My father filed for divorce and custody when I was nine. It only made my mother rage all the more as she watched him pack his clothes, paints, brushes, canvases and stretchers. He moved to Soho in Manhattan, where he bought a loft with Fritz, leaving Tony, Nina, Jade and me alone in the emptiness of the house. My mother was miserable and desperate until she met the Intaglias, a family of religious fanatics that lived nearby. With them, she sought consolation and found a religious belief that embraced her confused passions and, even more important, showed her a way to help win permanent custody of her children. With the help of the Intaglias, she set out to prove that my father was a child molester.

For my mother, marriage and family were the most important things in life and, looking back, it seems she was trying everything in her power to hold on to my father by hurting him. I remember he used to tell us, “I swear, if I so much as showed admiration for a tree, Mommy would have it chopped down.”

But my mother's problems were not the problems of a normal woman; she was more deeply troubled than we ever really imagined. Young as I was, I couldn't begin to know how to help solve her problems. I only saw that my mother was totally different from the storybook mothers of my classmates. As good as her intentions may have been, I saw a mother who made us wear the same clothes every day to school, day in and day out until I was twelve—plaid skirt, blue sweater, wool socks and dowdy little leather shoes. She said she wanted us to be dressed the way she had when she went to boarding school in England.
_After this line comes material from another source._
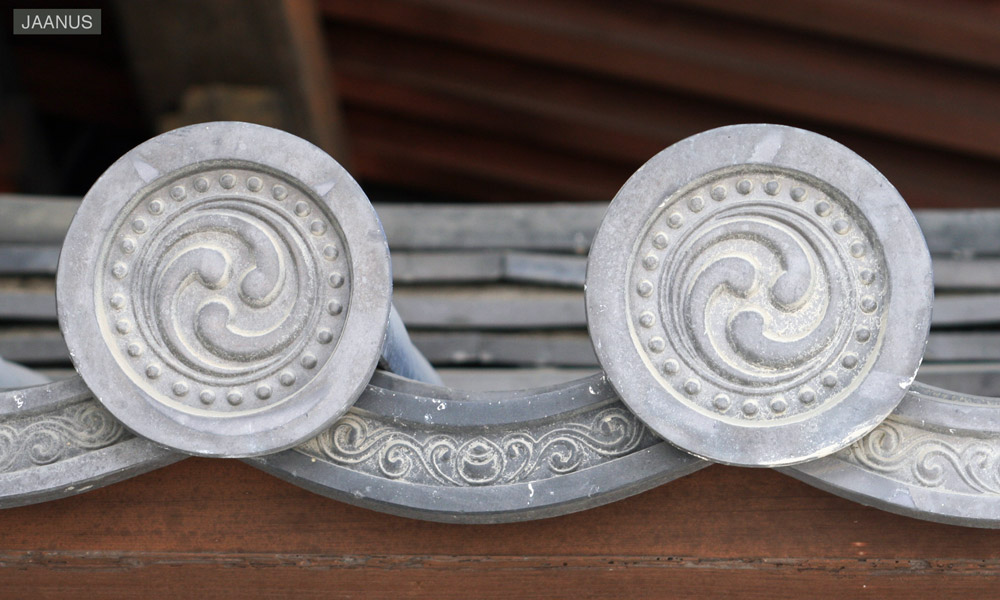 Also nokitomoe 軒巴, *nokidomoegawara 軒巴瓦. A very old expression for tomoegawara was *tsutsumigawara 包み瓦. A half-cylindrical tile with a circular disk attached *nokimarugawara 軒丸瓦. The name of this tile is derived from the disk, which is decorated with a comma pattern *tomoemon 巴文.

Because I was the eldest, I was prepared to do anything in my juvenile power to help my father get a good story for the courts and win the custody battle. Whenever one of my mother's long-winded sermons began to deteriorate into persecution tirades about my father,
New York and everyone else in the world who was against her, I tried to defend him, often losing my temper. I got hit with wooden clogs, locked in the cellar and pelted with flying corncobs. Every time she pulled me around by the hair, I would carefully brush out all the loose ones, put them into an envelope and save them for my father to use as evidence in court.

For two and a half years Nina, Tony, Jade and I lived through endless sessions with psychiatrists and social workers who tried to interpret what we told them and decide which parent would be better for us. My mother had preachers who had never met the family sign affidavits saying they had seen my father performing unnatural acts with us; one affidavit that I saw by accident said he had forced us to have sex with our dog.